- Theatrical poster
- Directed by: Edward Mann
- Written by: Edward Mann
- Produced by: Nigel Fox
- Starring: George Montgomery Danny Steinmann
- Cinematography: Francisco Sempere
- Edited by: Fima Noveck
- Music by: Bernardo Segall
- Distributed by: Trans American Films
- Release date: December 1, 1966; (United States)
- Running time: 90 minutes
- Country: United States
- Language: English

= Hallucination Generation =

Hallucination Generation is a 1967 drama film by Edward Mann. Purportedly intended as a warning against the dangers of pill-popping 1960s hedonism
along the lines of 1936's Reefer Madness, the film's primary purpose appears to have been titillation, thus landing it in the genre of exploitation cinema. It is often cited as an example of counterculture cinema.

The main setting is Francoist Spain, where a group of American expatriate beatniks are initially living carefree lives on Ibiza. Their supposed advisor and actual leader uses drugs to lure the group's members into lives of crime. A new recruit takes part in an LSD-induced crime spree which ends in the murder of an antiques dealer. The recruit subsequently seeks refuge in a monastery.

==Plot==
The film is a drama set in Francoist Spain, where a small group of American young adults is living. The leader of the group is a drug dealer. The others are there living carefree lives as beatniks. The leader has more nefarious aims in mind, and uses drugs to lure the others into lives of crime.

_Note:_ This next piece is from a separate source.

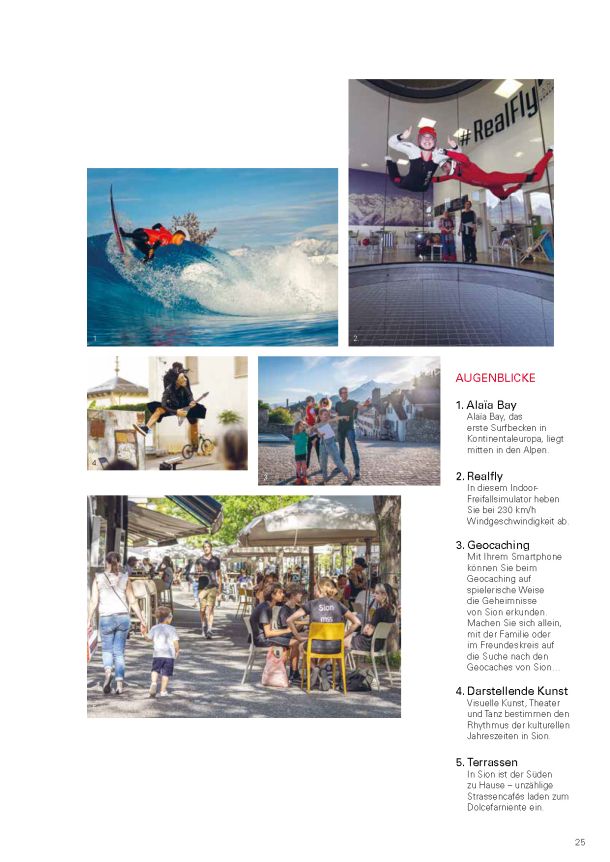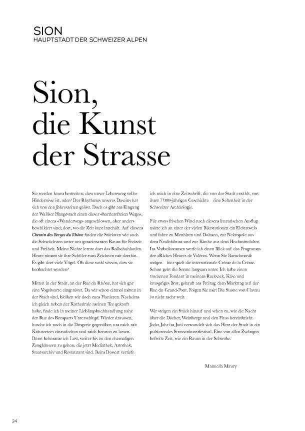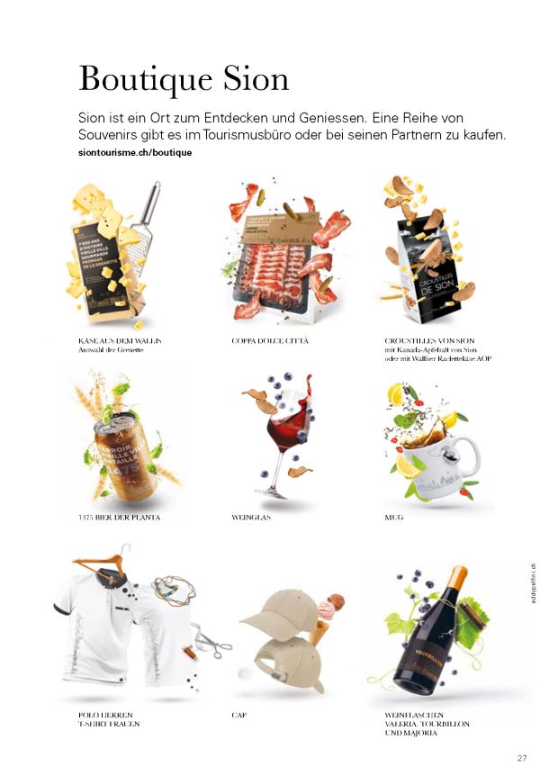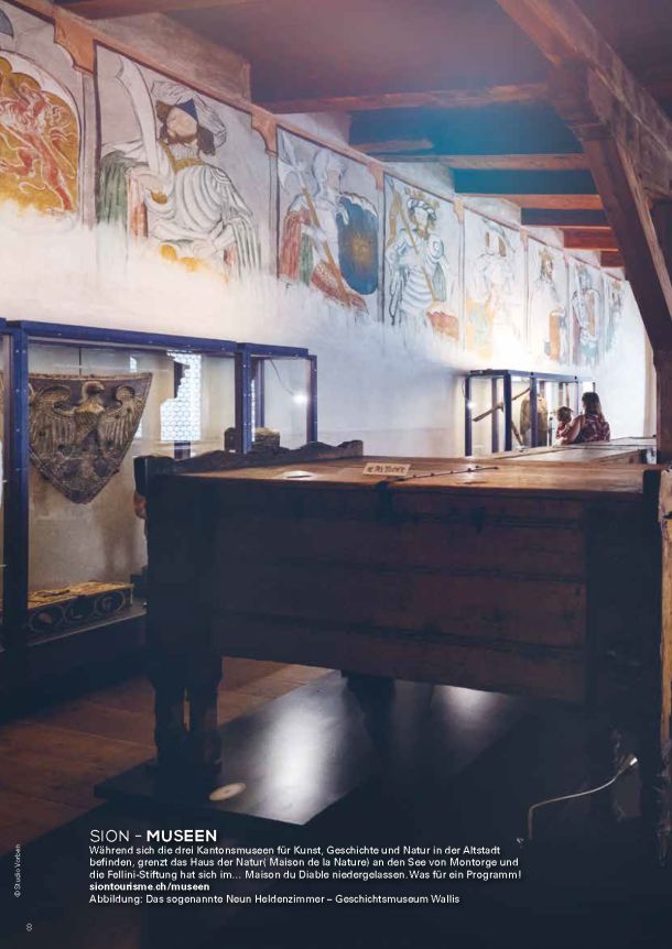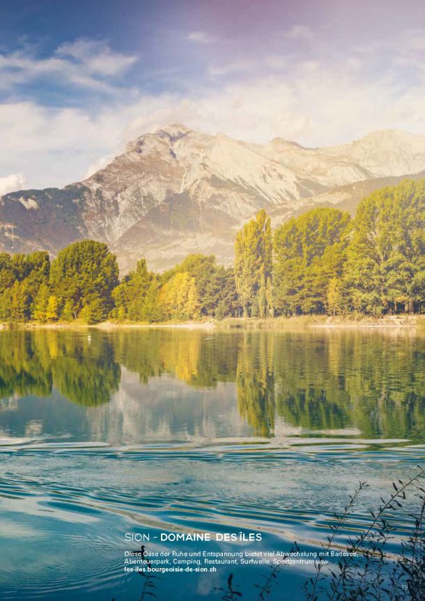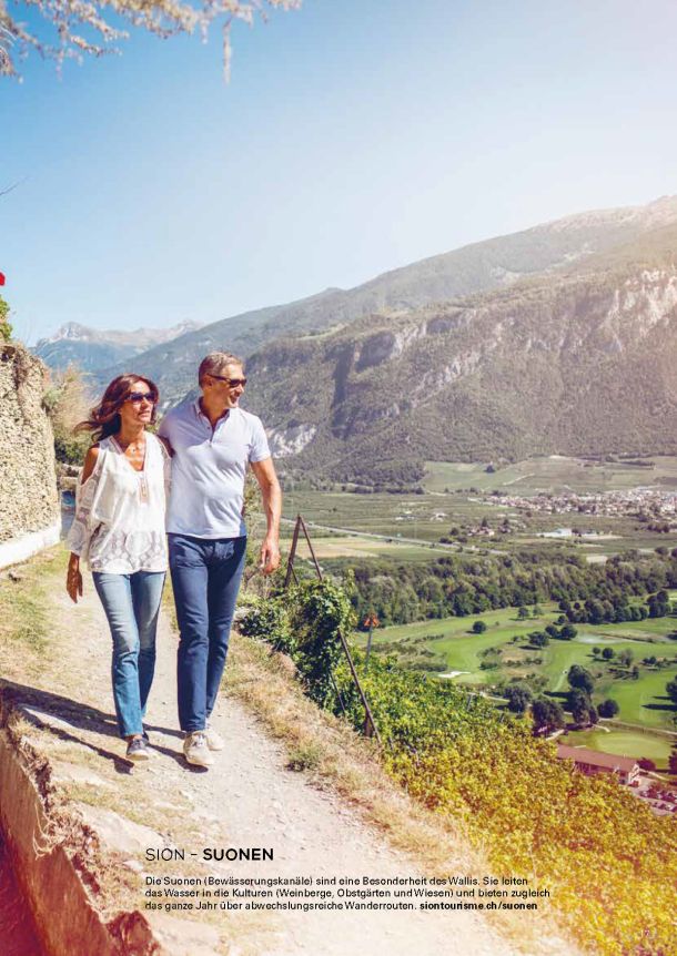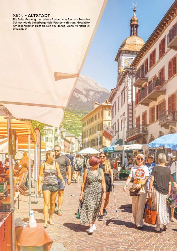 Diese Broschüre ist ein Geschenk des Tourismusbüros von Sion. Wir möchten, dass Sie unsere Region auf diesem Weg mit nach Hause nehmen und mit Ihren Liebsten teilen. Entdecken Sie dabei unsere Lieblingsorte anhand der professionellen Fotos in der Broschüre. Die Walliser Journalistin und Autorin Manuella Maury ist dazu auserkoren worden, unser Ferienreich, das Ihnen unbeschreibliche Momente bescheren soll, mit den passenden Worten zu umschreiben.
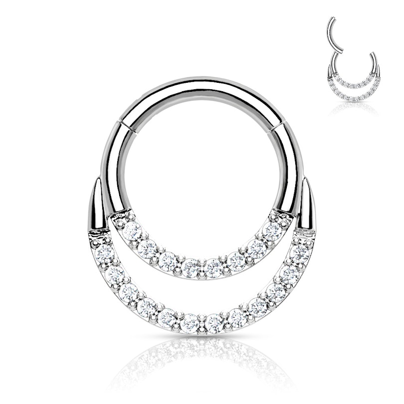 Biżuteria posiada dwa zakrzywione rzędy przezroczystych, drobnych kamieni. Jeden z nich jest częścią kółka, kiedy drugi jest dodatkowym elementem i jest do niego doczepiony. Ilość kamieni w rzędzie jest proporcjonalna do średnicy kółka, które wybierzesz.

George Montgomery is the psychedelic advisor to a circle of young expatriates living on the Isle of Ibiza. Visitor Danny Stone, who avoids taking part in the fun until his mother cuts off his allowance, seeks help in a monastery after an LSD-induced crime spree results in the murder of a Barcelona antiques dealer. The real world is black-and-white, the LSD trips are in color.

==Casting==
The film features Renate Kasché, Tom Baker, Marianne Kanter, and Steve Rowland.

==Production==
Filmed in Spain. Most of the film is in black and white, but there is a psychedelic sequence depicting the purported effects of the group using LSD which was filmed in color.

==In popular culture==
The film inspired a 1989 song, "Hallucination Generation" by the new beat band The Gruesome Twosome.